On ne se trompera pas sur cette énumération de périls. Ils n’assombrissent pas l’horizon des seuls Roms promis à l’évacuation. La conditionnalité qu’ils font peser fait valoir d’autres craintes à venir. « La sécurité et la salubrité publiques » sont invoquées par ces arguments hygiénistes. D’autres raisons le sont moins. Silence est fait sur des enjeux qu’on devine plus profonds. En effet, si seules la santé, la sécurité et la stabilité des habitants avaient importé aux autorités, nul doute que des solutions alternatives auraient été depuis longtemps mises en place et une réflexion plus large envisagée sur la question des bidonvilles. Or rien n’a été fait.
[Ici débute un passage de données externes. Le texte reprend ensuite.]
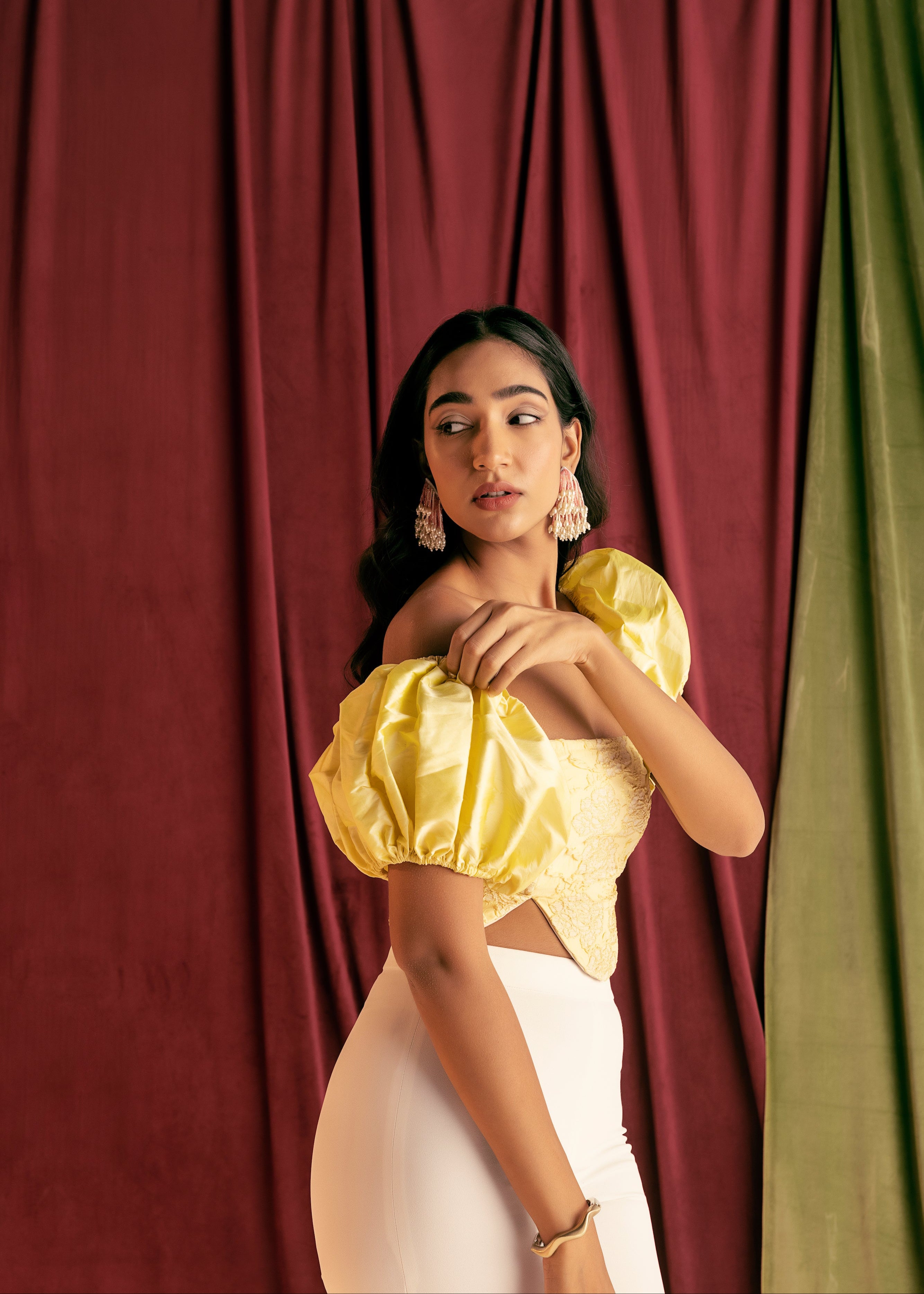 Esther Yellow Embroidered Tie Sleeve Corset Top

Mais il est, semble-t-il, une inquiétude supplémentaire pour les édiles et rédacteurs de l’arrêté n° 2013/147 du 29 mars 2013. L’association Le PEROU est partout présente dans l’arrêté par les mots qu’elle a inventés pour l’occasion. Les désignations mêmes des animateurs du PEROU figurent, telles quelles, réitérées dans le texte. « L’Ambassade » notamment, mais aussi la « place des Fêtes », et même les « guirlandes » ou les « affiches » sont citées. Plus d’une page est consacrée au « danger » que représente cette fameuse Ambassade ! Pareille opiniâtreté le montre : au-delà de sa rhétorique de pharisien, c’est bien le PEROU que vise cette prose administrative qui, malgré elle, lui rend comme un étrange hommage : hommage involontaire aux actions de médiation engagées par l’association entre des populations vouées d’ordinaire à plus d’anonymat. Plus personne ne pourra maintenant faire mine de ne pas le savoir : l’Ambassade du PEROU, de par sa promesse émancipatrice et son inventivité, fait désormais figure d’exemple.